Dalam hal PNS yang hilang sebagaimana dimaksud ditemukan kembali dan masih hidup, berdasarkan PP ini, sanggup diangkat kembali sebagai PNS sepanjang yang bersangkutan belum mencapai Batas Usia Pensiun. Pengangkatan kembali sebagai PNS sebagaimana dimaksud dilakukan sehabis PNS yang bersangkutan diperiksa oleh PPK dan pihak Kepolisian Negara Republik Indonesia (Polri).

“Dalam hal berdasarkan hasil investigasi sebagaimana dimaksud terbukti hilang alasannya kemauan dan kemampuan yang bersangkutan, PNS yang bersangkutan dijatuhi sanksi disiplin sesuai dengan ketentuan peraturan perundang-undangan,” suara Pasal 245 ayat (3) PP ini.

PP ini  menegaskan, PNS sanggup diberhentikan dengan hormat atau tidak diberhentikan alasannya dieksekusi penjara berdasarkan putusan pengadilan yang telah mempunyai kekuatan aturan tetap alasannya melaksanakan tindak pidana dengan sanksi pidana penjara paling singkat 2 (dua) tahun dan pidana yang dilakukan tidak berencana.

PNS yang dipidana dengan pidana penjara 2 (dua) tahun atau lebih berdasarkan putusan pengadilan yang telah mempunyai kekuatan aturan tetap alasannya melaksanakan tindak pidana tidak dengan berencana, berdasarkan PP ini, tidak diberhentikan sebagai PNS apabila: a. perbuatannya tidak menurunkan harkat dan martabat dari PNS; b. mempunyai prestasi kerja yang baik; c. tidak mensugesti lingkungan kerja sehabis diaktifkan kembali; dan d. tersedia lowongan Jabatan.

“PNS yang tidak diberhentikan sebagaimana dimaksud, selama yang bersangkutan menjalani pidana penjara maka tetap bersatus sebagai PNS dan tidak mendapatkan hak kepegawaiannya hingga diaktifkan kembali sebagai PNS,” suara Pasal 249 ayat (1) PP ini.

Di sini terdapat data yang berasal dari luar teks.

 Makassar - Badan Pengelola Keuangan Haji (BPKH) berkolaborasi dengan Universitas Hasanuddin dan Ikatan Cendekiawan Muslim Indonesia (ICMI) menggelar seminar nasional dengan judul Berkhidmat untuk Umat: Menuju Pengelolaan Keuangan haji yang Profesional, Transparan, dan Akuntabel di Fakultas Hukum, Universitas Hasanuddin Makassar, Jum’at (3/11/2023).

PNS sebagaimana dimaksud diaktilkan kembali sebagai PNS apabila tersedia lowongan Jabatan. Dalam hal tidak tersedia lowongan jabatan, berdasarkan PP ini, dalam jangka waktu paling usang 2 (dua) tahun, PNS yang bersangkutan diberhentikan dengan hormat.

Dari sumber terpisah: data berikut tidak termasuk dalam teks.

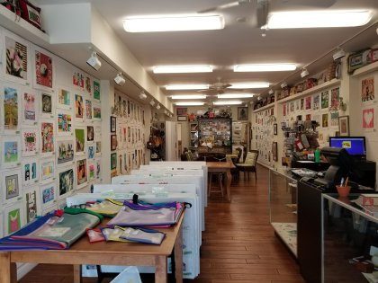 Needle Nook of La Jolla lived up to their reputation! Two stores, one with canvases and one with threads, both amazing. You can’t tell from the pictures but the thread walls slide revealing more threads. They are near a lovely Ocean and have an ocean of lovely threads! You really can’t appreciate how many canvases they have either on the flip boards. Good to see Vicky was there to actually meet her and displaying her award-winning piece. I had seen Nancy working in the exhibit area. All the members of the local ANG chapter did a fantastic job.

PP ini juga menegaskan, PNS diberhentikan tidak dengan hormat apabila: a. melaksanakan penyelewengan terhadap Pancasila dan UUD Negara Republik Indonesia Tahun 1945; b. dipidana dengan pidana penjara atau kurungan berdasarkan putusan pengadilan yang telah mempunyai kekuatan aturan tetap alasannya melaksanakan tindak pidana kejahatan Jabatan atau tindak pidana kejahatan yang ada hubungannya dengan Jabatan dan/ atau pidana umum; c. menjadi anggota dan/atau pengurus partai politik; atau d. dipidana dengan pidana penjara berdasarkan putusan pengadilan yang telah mempunyai kekuatan aturan tetap alasannya melaksanakan tindak pidana dengan sanksi pidana penjara paling singkat 2 (dua) tahun dan pidana yang dilalukan dengan berencana.

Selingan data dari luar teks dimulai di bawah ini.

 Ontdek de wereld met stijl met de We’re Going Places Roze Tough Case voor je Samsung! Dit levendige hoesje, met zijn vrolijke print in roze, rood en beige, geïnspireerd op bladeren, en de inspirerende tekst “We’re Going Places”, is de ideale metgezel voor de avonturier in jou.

Sedangkan PNS yang dipidana dengan pidana penjara kurang dari 2 (dua) tahun berdasarkan putusan pengadilan yang telah mempunyai kekuatan aturan tetap alasannya melaksanakan tindak pidana dengan berencana, berdasarkan PP ini, diberhentikan dengan hormat tidak atas ajakan sendiri sebagai PNS.

Menurut PP ini, PNS diberhentikan dengan hormat tidak atas ajakan sendiri apabila melaksanakan pelanggaran disiplin PNS tingkat berat. Pemberhentian sebagaimana dimaksud dilaksanakan sesuai dengan ketentuan peraturan perundang-undangan yang mengatur mengenai disiplin PNS.

PNS juga wajib mengundurkan diri sebagai PNS pada ketika ditetapkan sebagai calon Presiden dan Wakil presiden, Ketua, Wakil Ketua, dan Anggota Dewan perwakilan Ralryat, Ketua, Wakil Ketua, dan Anggota Dewan Perwakilan Daerah, Gubernur dan Wakil Gubernur, atau Bupati/Walikota dan Wakil Bupati/Wakil Walikota oleh forum yang bertugas melaksanakan pemilihan umum.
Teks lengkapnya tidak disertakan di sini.